By assigning average threshold scores of more than 5.0 as confirmation of the presence of a SE, it was possible to qualitatively report on the occurrence of SEs relative to predicted CYP2D6 phenotype (). Using this approach, we observed that IM individuals experienced up to two SEs during the period of evaluation. In contrast, 61% (17/28) of NMs experienced SEs and 39% (11/28) did not experience any SEs. Of those NMs who experienced 1–5 SEs, 53% had an activity score of 1 (less CYP2D6 activity compared with the patients with activity scores of 1.5 or 2). Of note, the UM individual did not report any SEs. The majority of the study participants were on 25 mg of amitriptyline (i.e., 64%; 18/28) at the time of recruitment. Participants were also taking a number of other drugs during the study (5–15 drugs including CYP2D6 or CYP2C19 inhibitors). In order to compare the predicted CYP2D6 phenotypes with participant scores for the severity of SEs, data were grouped into four categories. These include: category 1, no SEs and increased CYP2D6 activity; category 2, no SEs and normal CYP2D6 activity; category 3, SEs and normal CYP2D6 activity; and category 4, SEs and decreased CYP2D6 activity.

Power calculations

Given the distribution of data generated in this pilot study, power calculations were performed to assist in the planning of a larger scale study (Supplementary Table 3). The calculations indicate that for n = 180 subjects, each measurement will have a probability of at least 0.9 of being significant. With a choice of N = 150, one measurement will have a power of slightly below 0.9.

Discussion

Genetic variability of CYP2D6 & phenotype prediction

The most notable novel SNP is 2509G>T that was found in exon 5 in a Black African patient. This nonsynonymous SNP causes an amino acid change (K245N) having the potential to alter enzymatic activity. 2509G>T was observed in a CYP2D6*2/*29 genotype () and was classified as NM for this analysis. This patient experienced all SEs except dryness of eyes and mouth (subject 17 in ) which suggests that K245N may cause decreased CYP2D6 function toward amitriptyline. The variant effect predictor available through Ensemble predicted that K245N has only a moderate impact. Further functional investigations are warranted, however, to fully elucidate the consequences of this amino acid change on catalytic activity.

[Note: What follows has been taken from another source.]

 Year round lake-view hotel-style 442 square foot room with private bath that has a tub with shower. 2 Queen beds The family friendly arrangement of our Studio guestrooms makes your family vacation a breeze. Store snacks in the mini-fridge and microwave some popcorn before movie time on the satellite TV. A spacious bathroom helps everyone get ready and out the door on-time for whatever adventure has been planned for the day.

Although sample size was a limitation in this investigation, allele frequencies () were similar to those reported in the literature. Based on the literature for South African populations, 1–10% of the population are PM (>2% for Black Africans and 5–10% of Caucasians) [Citation22,Citation29–30]. Therefore, not having any PM patients in our cohort falls within the expected norm. Albeit that we did not find a PM subject, one UM individual was identified that is consistent with previous reports [Citation22,Citation28].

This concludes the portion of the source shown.